--- Work to be completed ---
In this exercise, the entries below include pictures. Repeat exactly the lines from the line with "截至美东时间12月4日美股收盘,Okta股价下跌0.57%,报240.98美元。" to the line with "Велюр хлопковый (велюр", including both, but without the pictures.
··· Records to use ···
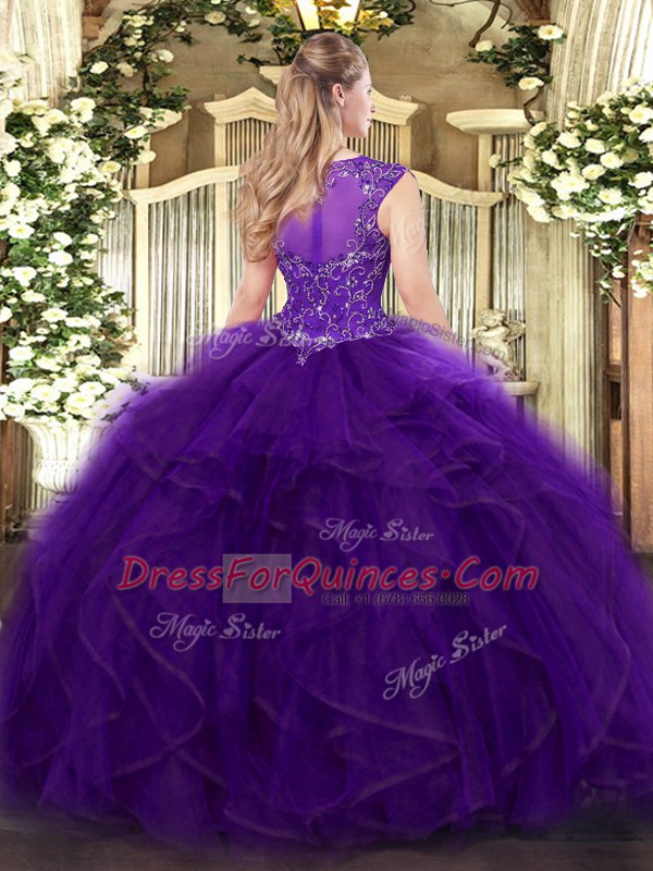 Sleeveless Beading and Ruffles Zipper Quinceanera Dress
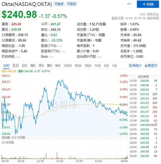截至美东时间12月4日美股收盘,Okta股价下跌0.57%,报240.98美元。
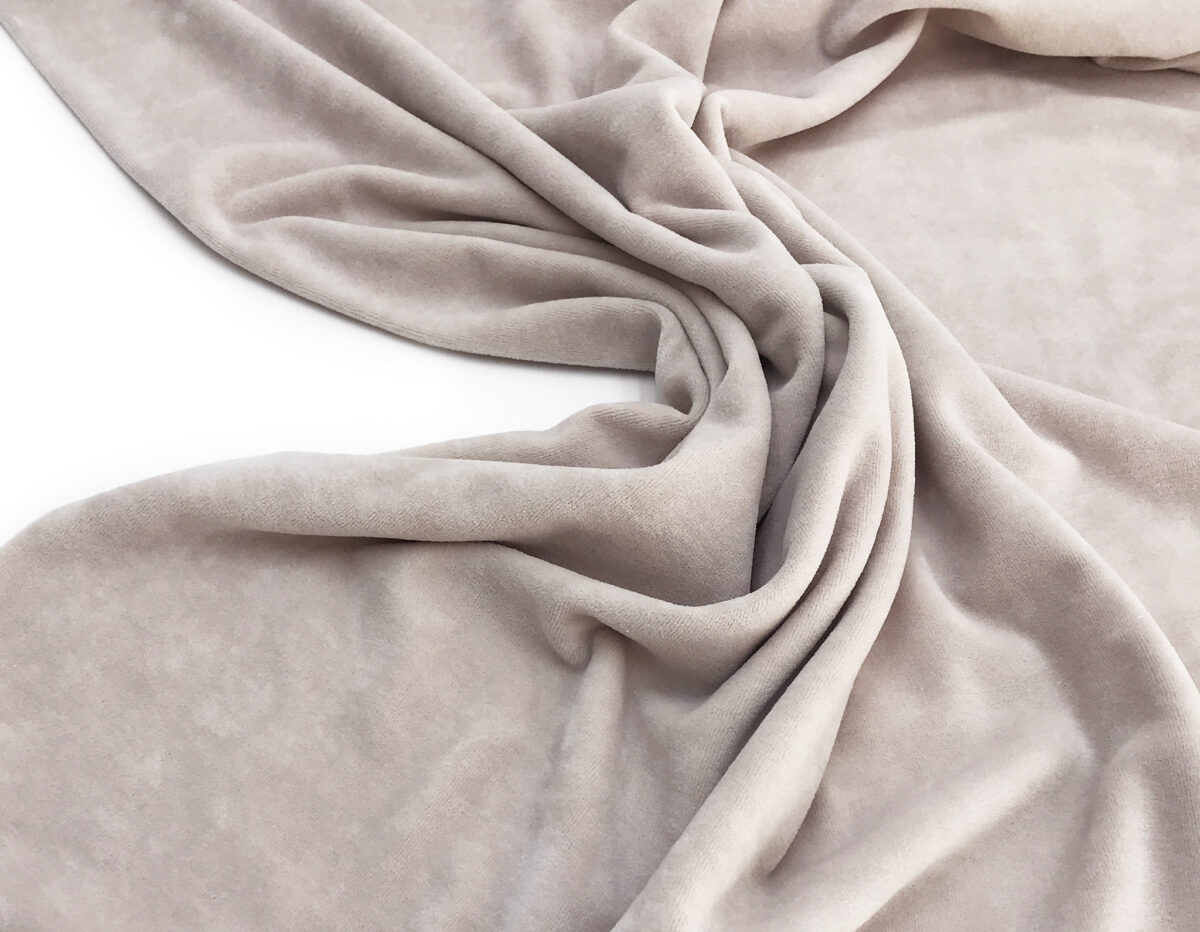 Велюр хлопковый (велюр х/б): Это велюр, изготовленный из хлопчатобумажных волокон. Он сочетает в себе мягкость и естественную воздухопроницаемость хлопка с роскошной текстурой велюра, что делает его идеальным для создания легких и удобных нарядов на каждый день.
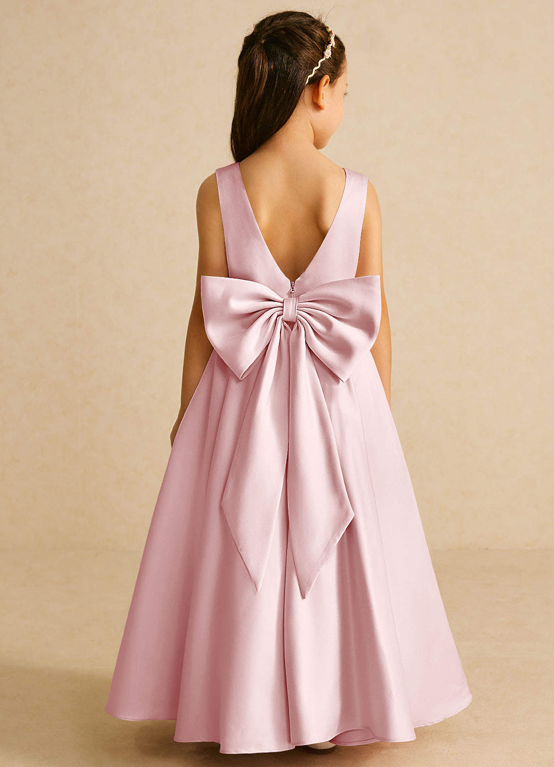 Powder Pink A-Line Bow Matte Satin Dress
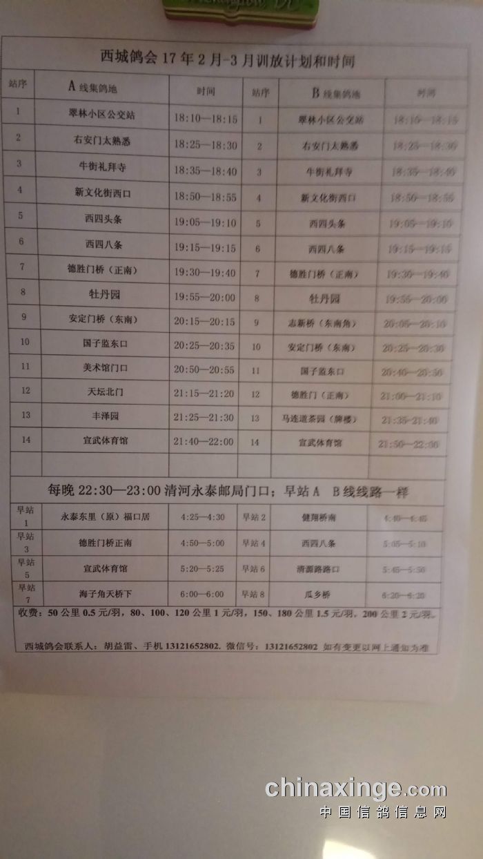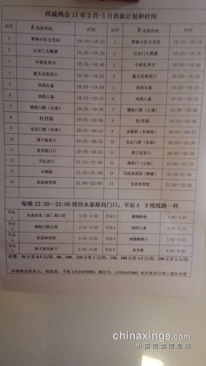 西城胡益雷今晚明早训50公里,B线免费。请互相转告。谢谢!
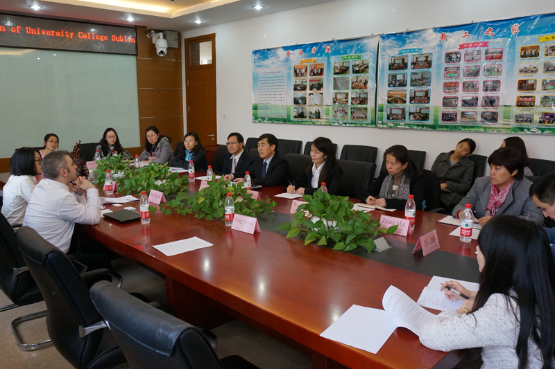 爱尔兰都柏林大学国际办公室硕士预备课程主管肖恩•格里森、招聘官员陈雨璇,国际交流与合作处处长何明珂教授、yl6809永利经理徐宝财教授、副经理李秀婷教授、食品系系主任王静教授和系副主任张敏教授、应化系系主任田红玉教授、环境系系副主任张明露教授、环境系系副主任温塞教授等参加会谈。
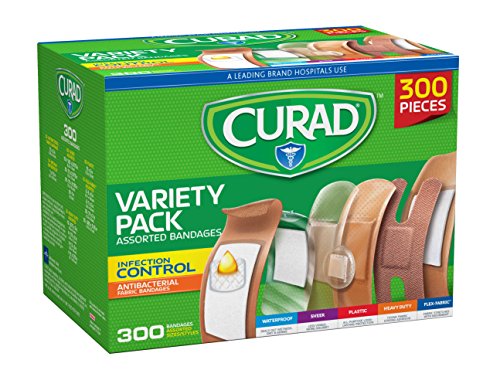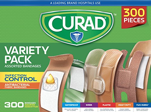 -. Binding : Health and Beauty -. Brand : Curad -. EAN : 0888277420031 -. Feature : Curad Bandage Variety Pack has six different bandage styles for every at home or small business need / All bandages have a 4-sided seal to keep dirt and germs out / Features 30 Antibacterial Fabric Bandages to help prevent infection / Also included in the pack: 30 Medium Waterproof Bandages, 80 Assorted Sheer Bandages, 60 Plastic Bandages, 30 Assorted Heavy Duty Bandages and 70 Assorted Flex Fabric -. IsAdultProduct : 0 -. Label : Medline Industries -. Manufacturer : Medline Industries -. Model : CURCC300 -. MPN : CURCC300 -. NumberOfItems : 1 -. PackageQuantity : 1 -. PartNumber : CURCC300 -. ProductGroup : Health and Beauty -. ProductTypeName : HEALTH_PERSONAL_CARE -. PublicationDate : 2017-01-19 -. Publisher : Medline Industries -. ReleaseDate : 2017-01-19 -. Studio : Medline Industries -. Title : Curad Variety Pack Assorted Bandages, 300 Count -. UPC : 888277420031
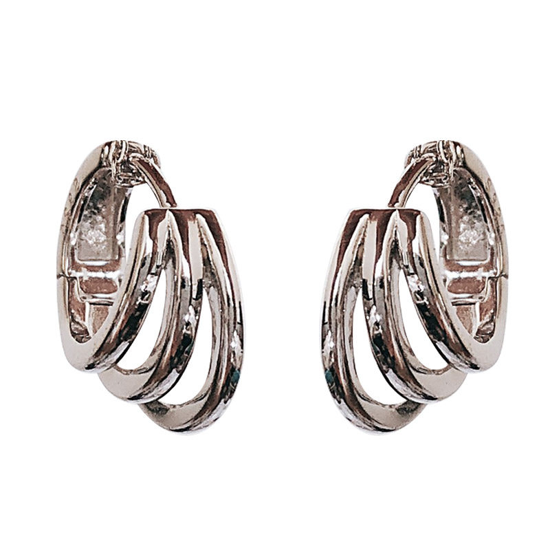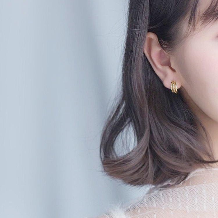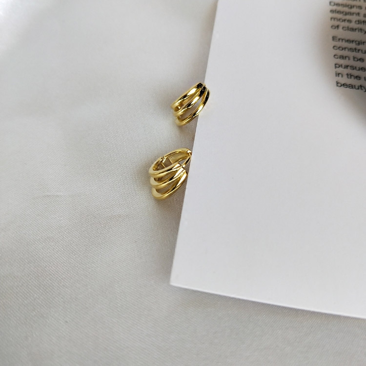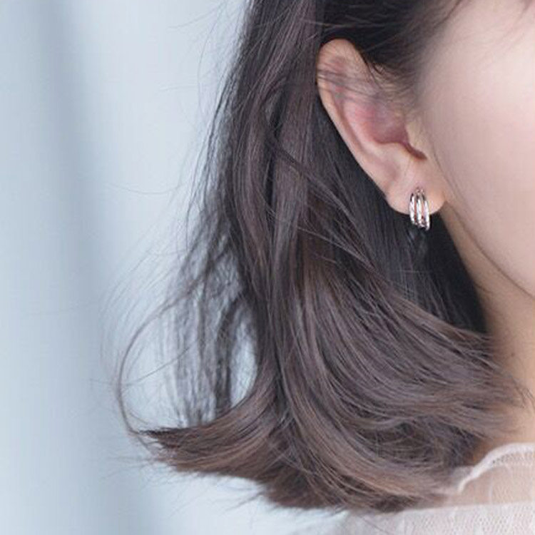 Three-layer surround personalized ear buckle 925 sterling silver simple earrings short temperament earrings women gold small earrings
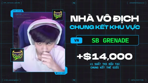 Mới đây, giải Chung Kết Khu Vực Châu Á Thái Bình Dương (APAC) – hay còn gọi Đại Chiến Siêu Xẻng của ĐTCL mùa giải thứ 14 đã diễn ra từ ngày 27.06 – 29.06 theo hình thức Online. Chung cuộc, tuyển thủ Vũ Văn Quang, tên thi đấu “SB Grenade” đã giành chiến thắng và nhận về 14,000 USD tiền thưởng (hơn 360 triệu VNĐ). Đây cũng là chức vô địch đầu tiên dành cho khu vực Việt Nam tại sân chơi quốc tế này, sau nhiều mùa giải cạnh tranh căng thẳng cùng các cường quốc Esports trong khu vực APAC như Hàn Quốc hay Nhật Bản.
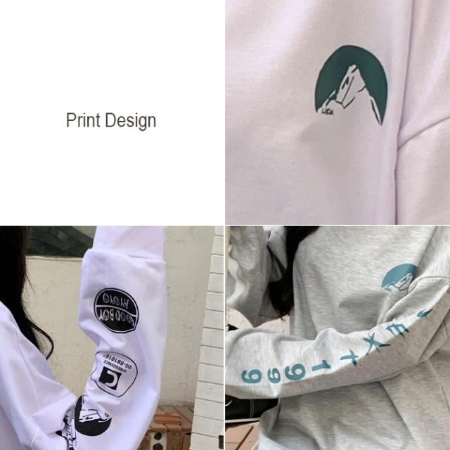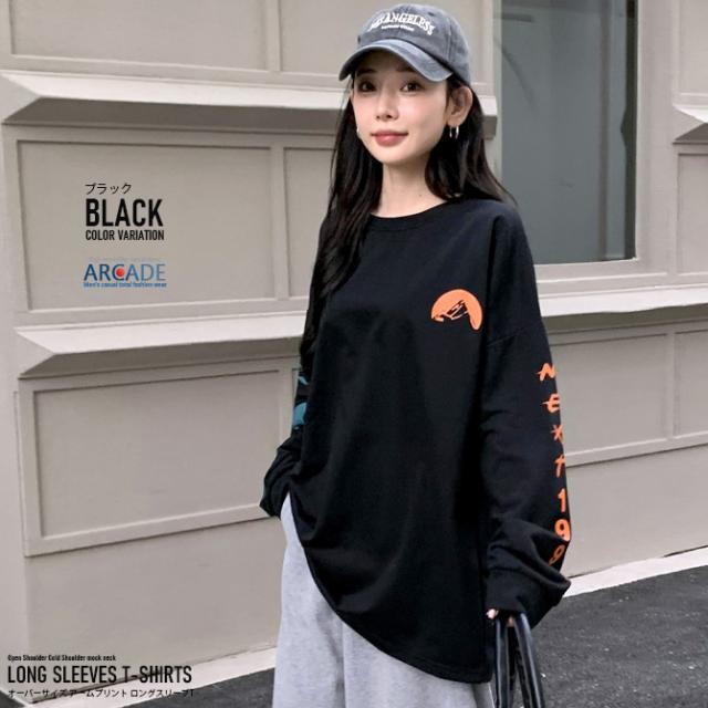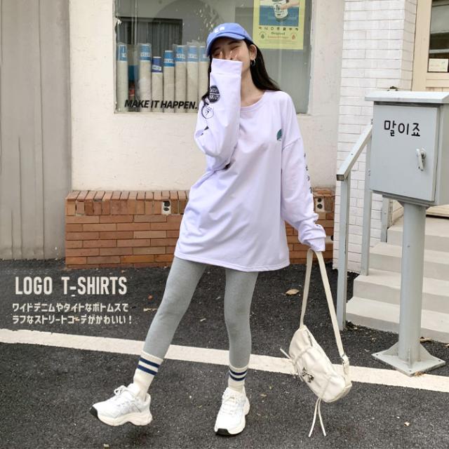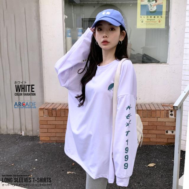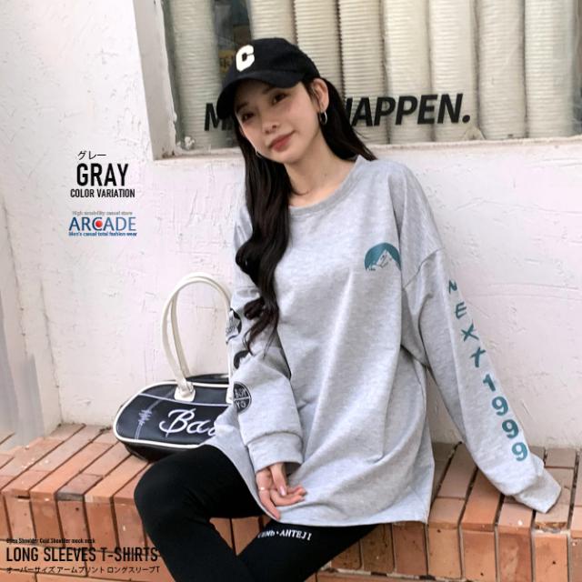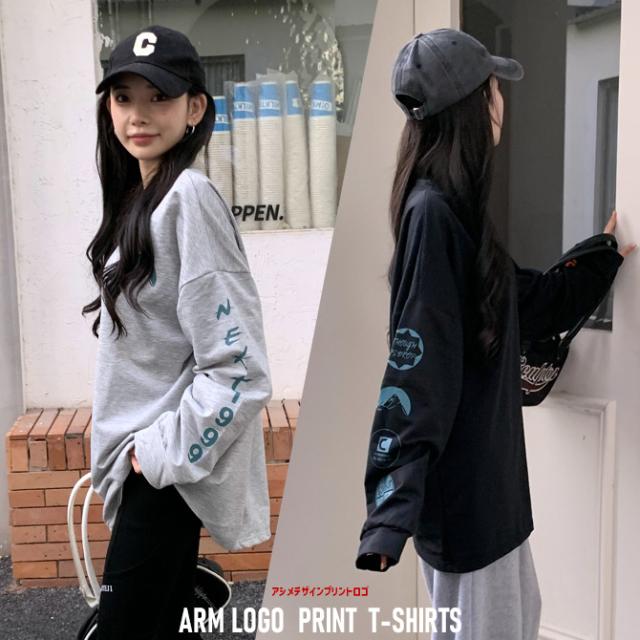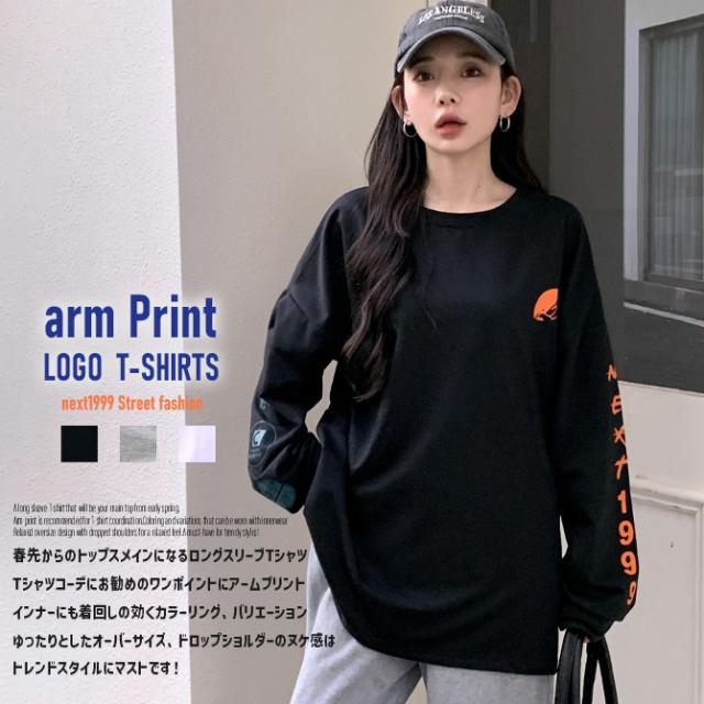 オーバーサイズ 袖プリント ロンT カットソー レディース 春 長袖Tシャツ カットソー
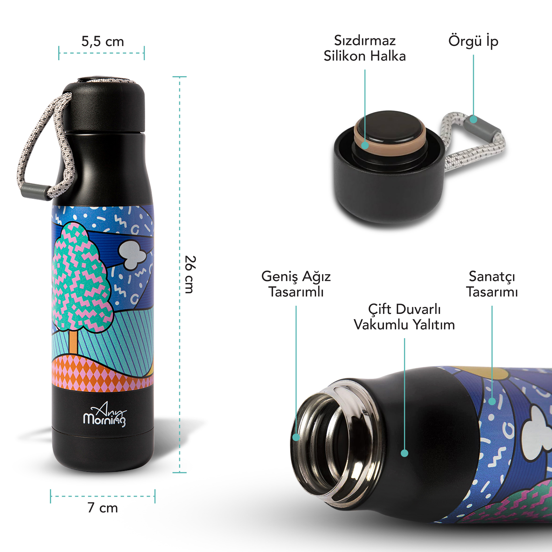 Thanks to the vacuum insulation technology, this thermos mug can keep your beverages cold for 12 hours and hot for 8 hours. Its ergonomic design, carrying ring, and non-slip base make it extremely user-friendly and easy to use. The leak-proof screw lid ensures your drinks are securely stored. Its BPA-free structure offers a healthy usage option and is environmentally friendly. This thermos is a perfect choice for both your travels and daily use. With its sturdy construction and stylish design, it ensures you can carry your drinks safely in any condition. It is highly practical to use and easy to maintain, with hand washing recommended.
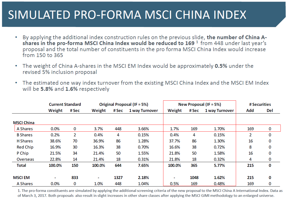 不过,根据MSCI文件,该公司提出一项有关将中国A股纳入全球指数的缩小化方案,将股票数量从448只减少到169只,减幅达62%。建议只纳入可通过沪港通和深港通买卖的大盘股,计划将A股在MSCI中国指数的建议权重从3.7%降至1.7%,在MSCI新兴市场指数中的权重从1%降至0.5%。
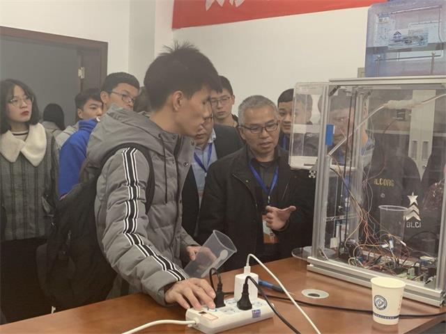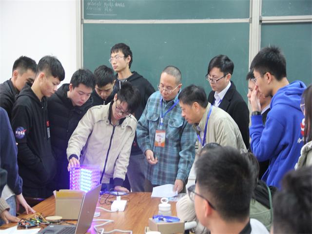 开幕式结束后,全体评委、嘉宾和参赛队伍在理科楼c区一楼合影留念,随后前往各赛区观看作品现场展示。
···
--- Output for this exercise ---
截至美东时间12月4日美股收盘,Okta股价下跌0.57%,报240.98美元。
 Велюр хлопковый (велюр х/б): Это велюр, изготовленный из хлопчатобумажных волокон. Он сочетает в себе мягкость и естественную воздухопроницаемость хлопка с роскошной текстурой велюра, что делает его идеальным для создания легких и удобных нарядов на каждый день.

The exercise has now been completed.